Только я никак не возьму в толк, почему все, что я вижу из прошлого, рассказывает мне об одном человеке. Есть еще Джилл, моя маленькая рыжеволосая подруга, но и ей мое сознание отвело лишь крошечное место — все остальное связано с Ником. Человеком, лица которого я даже не вижу. Только чувства, чистые эмоции.
Кем бы ни был Ник, он был очень важной частью моей жизни.
Но я ведь как-то оказалась на Пандоре. За что-то!
Память молчит — она готова рассказывать мне только о Нике.
Кем мы были? Драки, тренировки, оружие, люди, прыгающие из окон... Военные? Шпионы? Преступная группировка? Группировка в любом случае — судя по количеству моих спасителей в одном из воспоминаний...
Скрипят дверные петли. Вздрагиваю.
— Ишь ты прыткая. — Сова сама скрипит не хуже петель. — Лежи. До завтра чтоб не дергалась.
— Мне в туалет надо, — бормочу, голос глухой, как из трубы. Перед глазами плывут полупрозрачные зигзаги, часто моргаю, пытаясь от них избавиться. Не помогает.
К завтраку мой сарафан не успевает высохнуть и чересчур обтягивает фигуру, липнет к коже.
Стою на раздаче. Получаю пристальный взгляд и кивок от Главы — отметил, что я встала с постели, одобряет, что не стала дольше бездельничать. Кайра, открыто милующаяся с Зябликом, тоже удостаивает меня персональным взглядом — полным ненависти.
А еще Пингвин... В его глазах читается сомнение, и смотрит он не в лицо, а пониже шеи — все ясно: мокрый сарафан, а нижнее белье на Пандоре не предусмотрено. Выходит, засомневался в принятом второпях решении, раздумывает, стоит ли биться за меня на предстоящих состязаниях.

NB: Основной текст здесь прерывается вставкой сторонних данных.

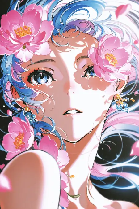 米山舞无需多言,她独特的笔触、大胆的色彩运用,以及兼具碎片感与飘逸感的画面构图,都极为美妙!但也正因如此,导致LoRA难以训练到位——因为基于tag的提示词通常用于标注人物、动植物、建筑等现实存在的物体,而米山舞的作品更多是通过少量元素营造出独特的氛围感,而这种氛围感恰恰难以用简单的tag记录。因此,这次在标注时,我增加了更多“动词”和“形容词”,以提升模型对这种氛围感的学习能力。
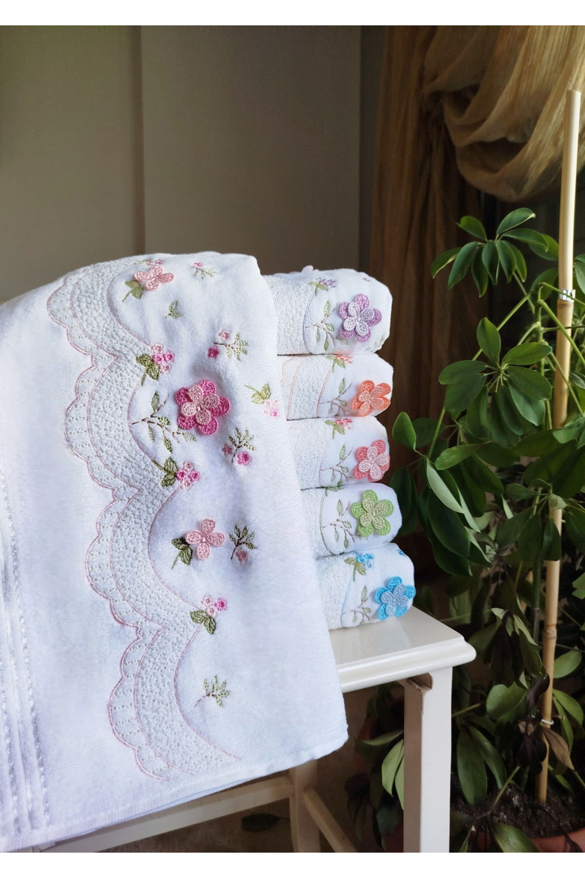 Fiesta Aybüke Beyaz Kadife 3D Nakışlı Kutulu 50×90 cm %100 pamuklu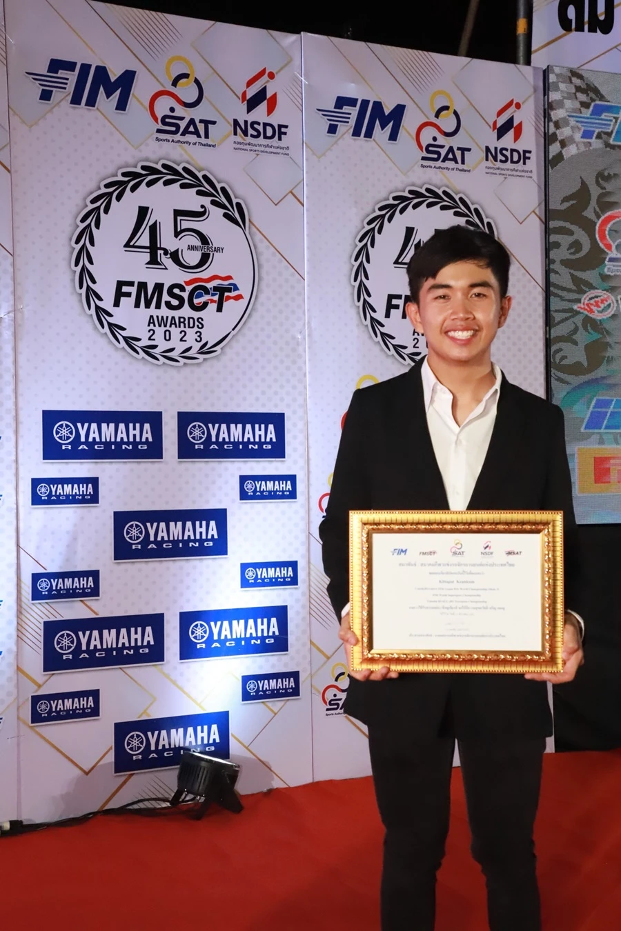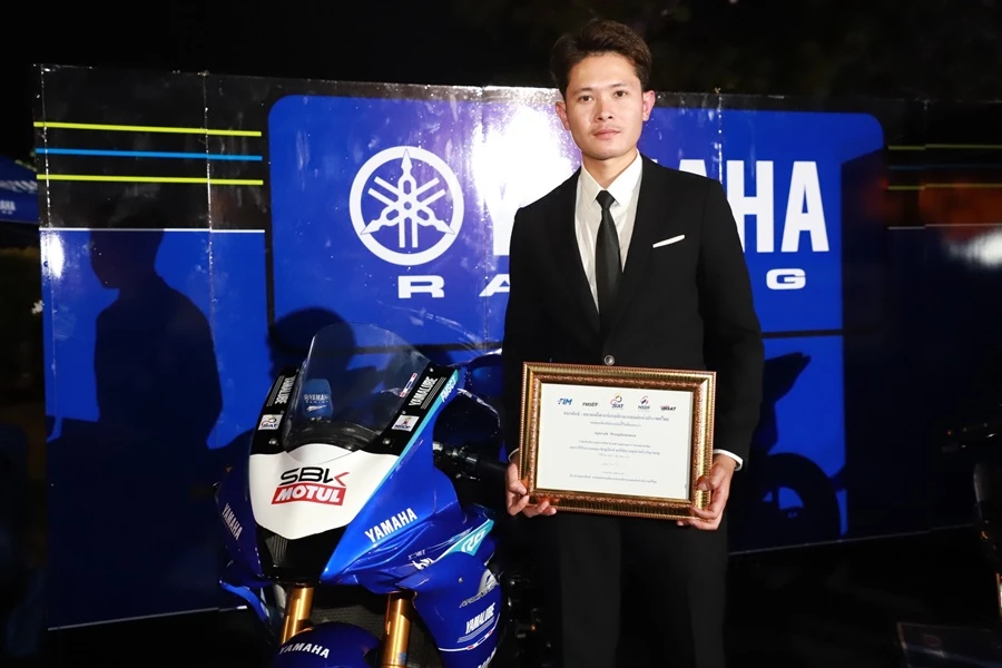 ขึ้นรับรางวัลจาก นายธงชัย วงษ์สวรรค์ ประธานสมาพันธ์กีฬาแข่งขันรถจักรยานยนต์แห่งประเทศไทย หรือ FMSCT ในการที่ยามาฮ่าสนับสนุนและพัฒนาวงการการแข่งขันรถจักรยานยนต์ และส่งนักแข่งไปสร้างชื่อเสียงให้กับประเทศใทยในการลงทำการแข่งขันรถจักรยานยนต์ทางเรียบระดับนานาชาติ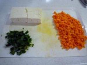 ![]() 豆腐はペーパータオルに包んでおもしをして1時間ほど水切りをしておきます。人参皮をむいて、しそは洗ってみじん切りにします。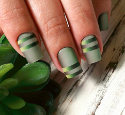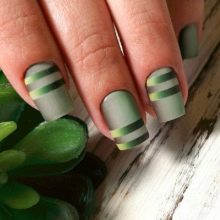 This color also does not go out of fashion for a long time and can be performed both in darker and in light colors. Matte manicure in the style of "khaki" will look great in a sporty look.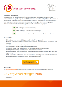 Net als voorgaande jaren kunnen jij en je collega's ook in 2018 via CLC-VECTA en partner Aon een gunstige collectieve zorgverzekering afsluiten bij CZ. De collectiviteitskorting bedraagt 8% op de basisverzekering en 15% op de aanvullende verzekeringen. En ook met minder dan 10 werknemers of als ZZP-er kun je er gebruik van maken.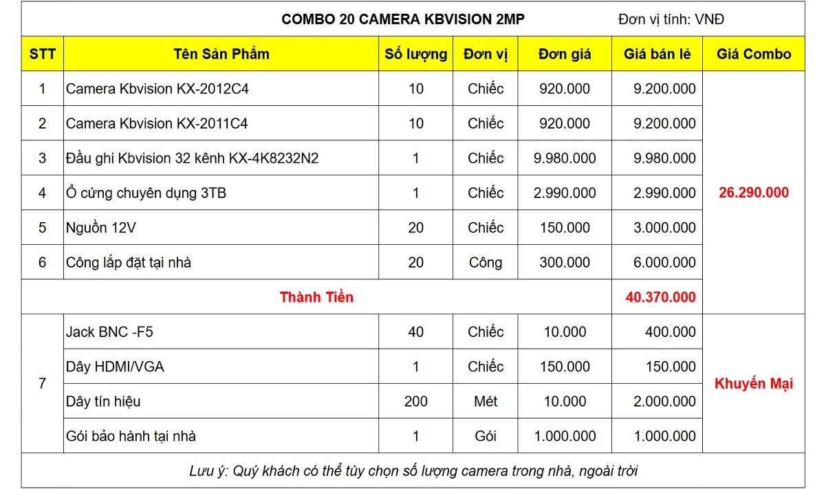 Khi mua trọn bộ camera Kbvision 2MP tại Digione, quý khách hàng sẽ được sở hữu một bộ camera quan sát có dây chính hãng với giá cả hợp lý nhất. Tất cả các combo đều được hỗ trợ với chi phí tiết kiệm hơn so với mua riêng lẻ các sản phẩm, kèm theo đó là nhiều khuyến mại hấp dẫn. Chi tiết bạn có thể xem ở bảng giá lắp camera dưới đây: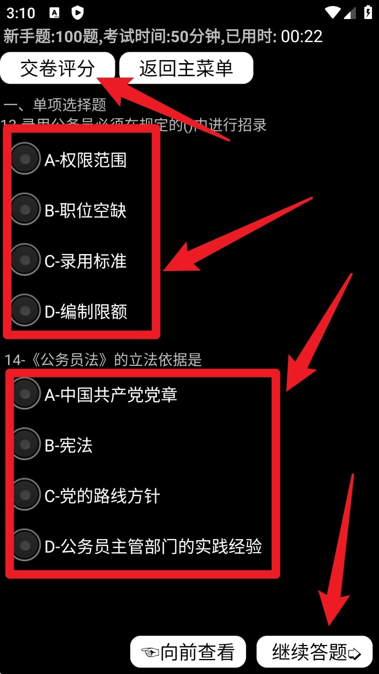 5. 在答题过程中,你能够点击“继续答题”或者“向前查看”来切换题目,这样有助于你进行反复练习,并方便查阅前面的内容。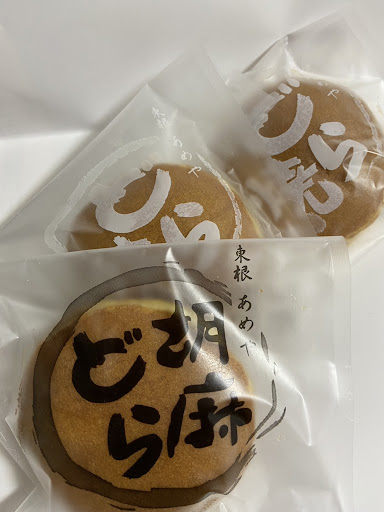家まで2時間移動の為と、お昼食べたばかりで😵諦めて(^^; 胡麻どら焼き、どら焼き、七味唐辛子のせんべいを購入!!

Перехватывает мой взгляд и многообещающе кивает — решил, будет возвращать меня обратно. Впрочем, Кайра даже не смотрит в его сторону. Полагаю, причина в этом.
Отворачиваюсь.
Мои мысли занимает другой человек. И не как мужчина. Меня волнует, почему он вступился за меня и где сам пропадал во время праздника.
Пересмешник тоже поглядывает в мою сторону, но не так пристально, как Пингвин. Хотя я стою у стола, когда остальные сидят. Может, мне только кажется?
Не кажется, понимаю, когда тарелки наполнены — мне снова осталось место рядом с новичком. Случайно ли? Не верю. Здесь так не принято: никто не пытается застолбить за собой какое-то определенное место, все садятся как попало.
Значит, Пересмешник позаботился о том, чтобы рядом с ним никто не сел. Что ему от меня нужно?
Пытаюсь сохранять равнодушное выражение на лице и подхожу к оставленному мне месту. К счастью, сегодня Филин сидит за соседним столом.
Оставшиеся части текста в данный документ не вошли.